A 2x2 contingency table is a valuable tool used in medical and epidemiological research to show the frequency of outcomes in two different groups. It consists of two rows and two columns, detailing the presence or absence of a specific characteristic (like a disease) in relation to the exposure status. In our exercise, we analyze two groups: exposed (a and c) versus unexposed (b and d).

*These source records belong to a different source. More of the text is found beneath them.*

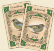
Not a pair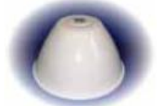
Powder Coated Aluminum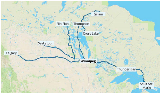
Figure 1: Greyhound Bus Routes in Manitoba, Summer 2018

Map published as part of Macintosh, Maggie and Larry Kusch. 2018. "Fallout from Greyhound departure," Winnipeg Free Press , 10 July 2018, https://www.winnipegfreepress.com/local/greyhound-exit-487822171.html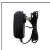
12V DC adapter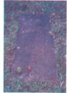
Stone Slab Shared Memorial, Burnett Burial Ground, Southborough, MA.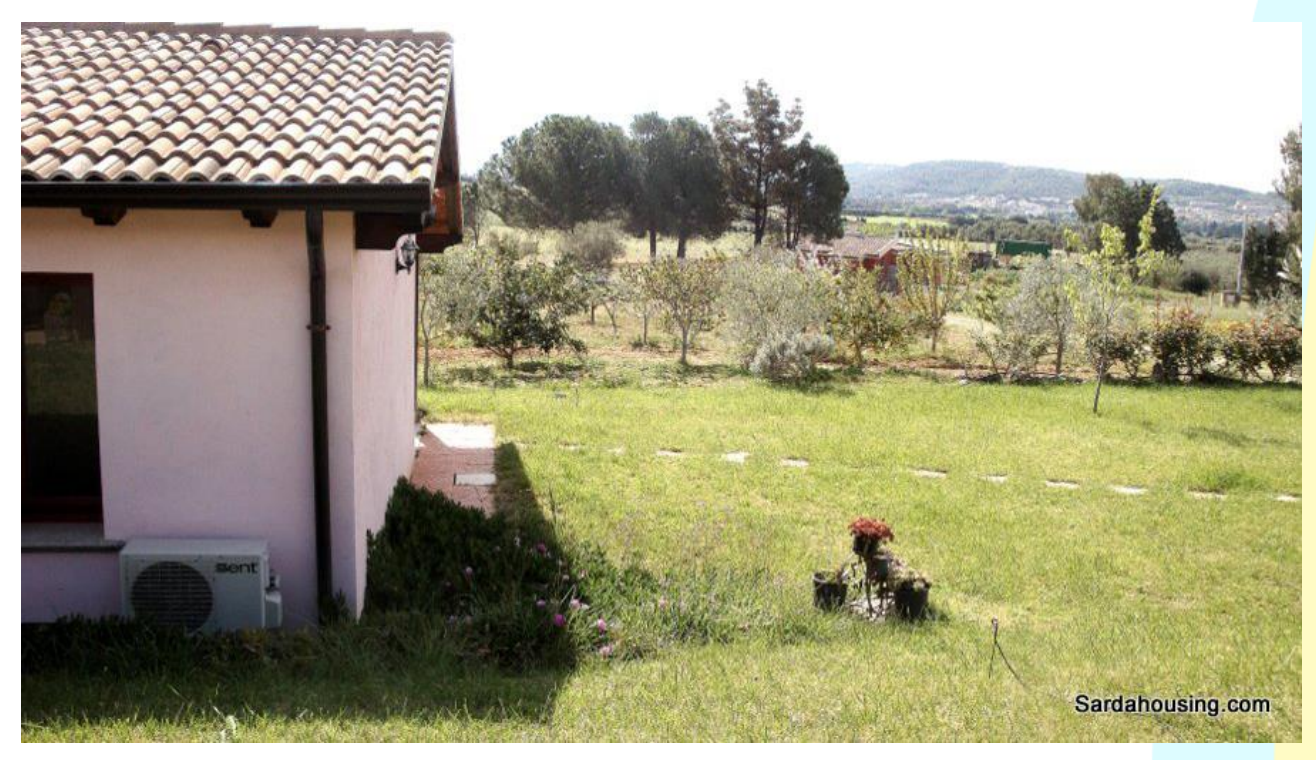
8 - Donori – Estate Arrideli: one of guest housing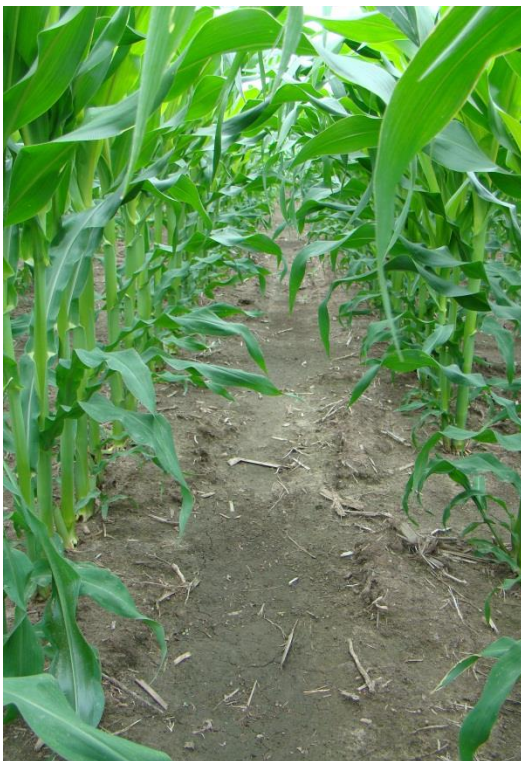
Lumax (1.5 qts./A) 48 days after application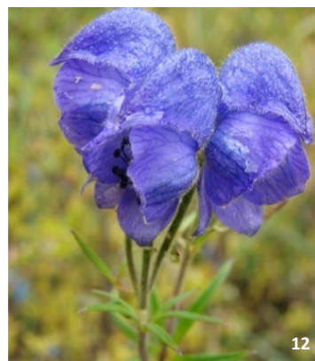
Images 1–12. Threatened flora of Uttarakhand: 1— Dioscorea deltoidea | 2— Fritillaria cirrhosa | 3— Cypripedium himalaicum | 4— Oreorchis micrantha | 5— Pecteilis gigantea | 6— Asparagus filicinus | 7— Polygonatum graminifolium | 8— Trachycarpus takil | 9— Papaver robustum | 10— Berberis osmastonii | 11— Aconitum lethale | 12— Aconitum violaceum .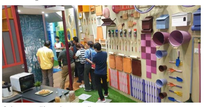
Colour your life and your malls.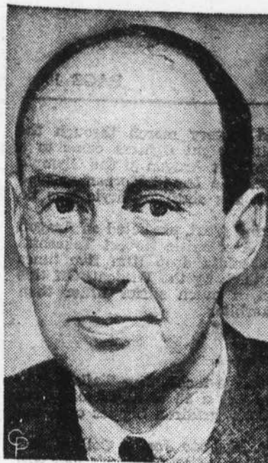
Gov. Adlai Stevenson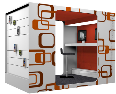
Cocoon Computer-Lounge XL

These tables are critical in calculating measures like relative risk and odds ratio. For the relative risk, we're interested in the proportion of the entire row (a divided by a plus b, and c divided by c plus d). For the odds ratio, we look at the proportion within the cells (a divided by b, and c divided by d). By arranging data in this concise format, researchers can quickly calculate these statistics and interpret their studies' results.

Epidemiology

Epidemiology is study of the distribution and determinants of health-related states or events in specified populations, and the application of this study to control health problems. It often involves identifying risk factors for disease and targets for preventive healthcare.

Epidemiologists use tools like relative risk and odds ratio to assess the link between exposures and health outcomes. In the given exercise, we are in essence carrying out an epidemiological analysis by calculating these measures to evaluate the potential relationship between an exposure (like a virus or hazardous substance) and an outcome (such as a disease). Clear understanding of these concepts allows for informed decisions in public health policy and individual risk assessment.

Risk Assessment

Risk assessment involves determining the quantitative or qualitative value of risk related to a concrete situation and a recognized threat. In the context of our study, we assess the risk of an adverse health outcome by calculating and comparing the relative risk and odds ratio for the exposed vs. non-exposed groups.

Relative risk gives us a direct measure of how much more (or less) likely the exposed group is to experience the event compared to the unexposed group. On the other hand, the odds ratio provides an estimate of the odds of an event occurring in the exposed group compared to the non-exposed, which is particularly useful when dealing with rare events. By understanding these measures, healthcare professionals and policy-makers can make informed decisions about how to manage and mitigate risks in the population.